To show application_status in result, I'm using DB::raw statement in my query.
DB::raw('
CASE
WHEN status = 0 THEN "Pending"
WHEN status = 1 THEN "Approved"
WHEN status = 2 THEN "Declined"
END AS application_status'
)
How can I convert or write this in accessor?
Is there any other way to write above in laravel way.
$leave_applications = LeaveApplication::select('leave_type','total_days',DB::raw(
'
CASE
WHEN status = 0 THEN "Pending"
WHEN status = 1 THEN "Approved"
WHEN status = 2 THEN "Declined"
END AS application_status'
)
))->where('employee_id', $employee_id)->get();
This is my full query.
I read the laravel documentation and search google for above, but did not found anything.
I found the solution which uses ternary operators. But what if we have more than 2 conditions?
In my opinion, in case you're not storing the status in the database you should store it in a constant or config variable.
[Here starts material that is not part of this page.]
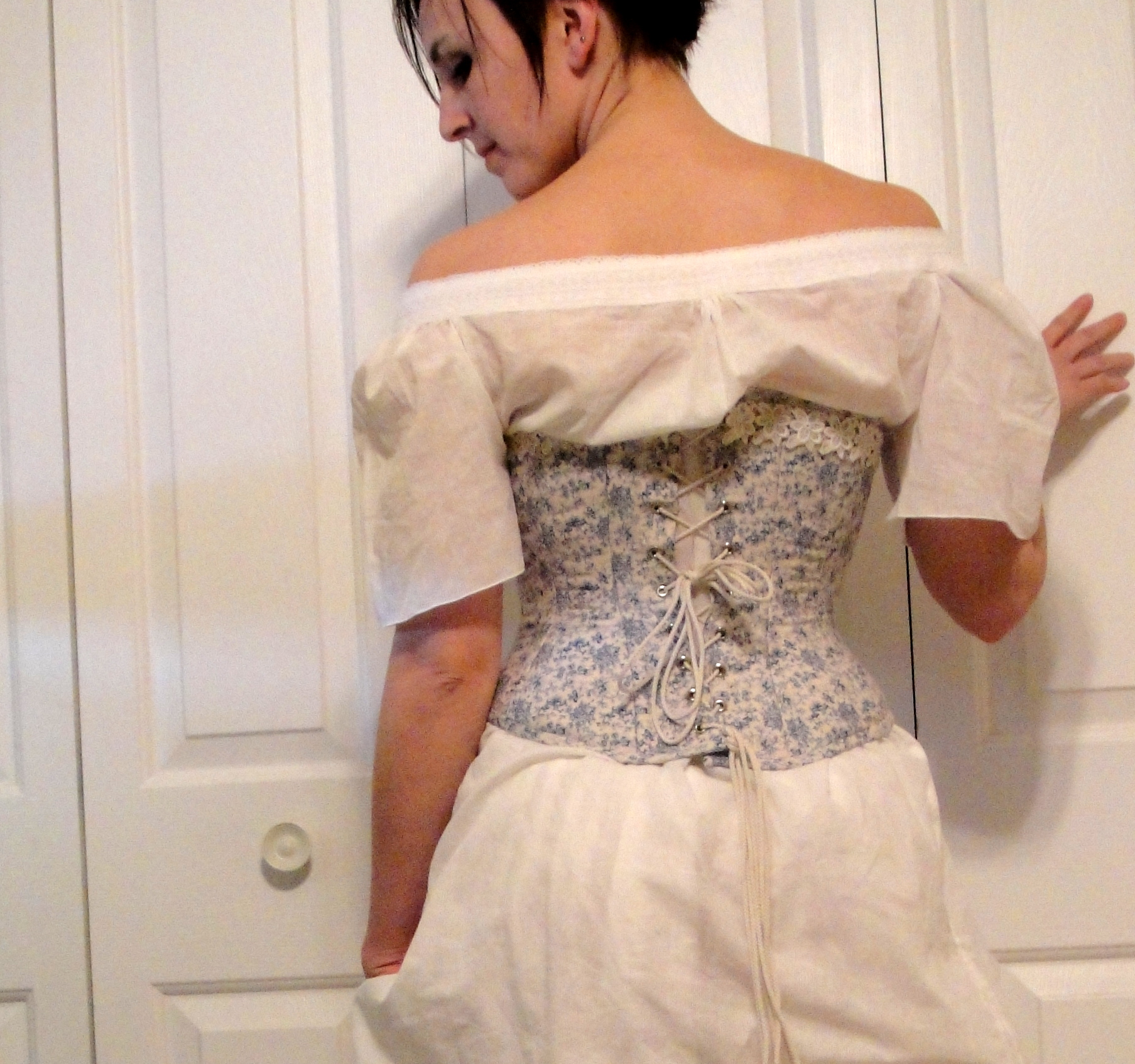 Remember when I did a mock-up for a corset? Yeah, me neither (well, barely.) I think it was last spring sometime? Anyway, finally this past weekend I had—wait for it—leisure time! Nothing that needed to be made with an instant deadline! (And my husband wasn’t playing Final Fantasy 14, which is also sapping the sewing time these days. I’m not gonna apologize for that, though, down-time is down-time and I love back-seat gaming.)

We wanna avoid at all cost having different application_status for a given ID and consistency is the key for a project.
class LeaveApplication extends Model
{
public const PENDING_STATUS_NAME = 'Pending';
public const APPROVED_STATUS_NAME = 'Approved';
public const DECLINED_STATUS_NAME = 'Declined';
protected $appends = ['application_status'];
public function getApplicationStatusAttribute()
{
return match ($this->level) {
0 => $this::PENDING_STATUS_NAME ,
1 => $this::APPROVED_STATUS_NAME ,
2 => $this::DECLINED_STATUS_NAME
};
}
With this you will achieve your dessired application_status in the model.
I hope I understood your issue correctly.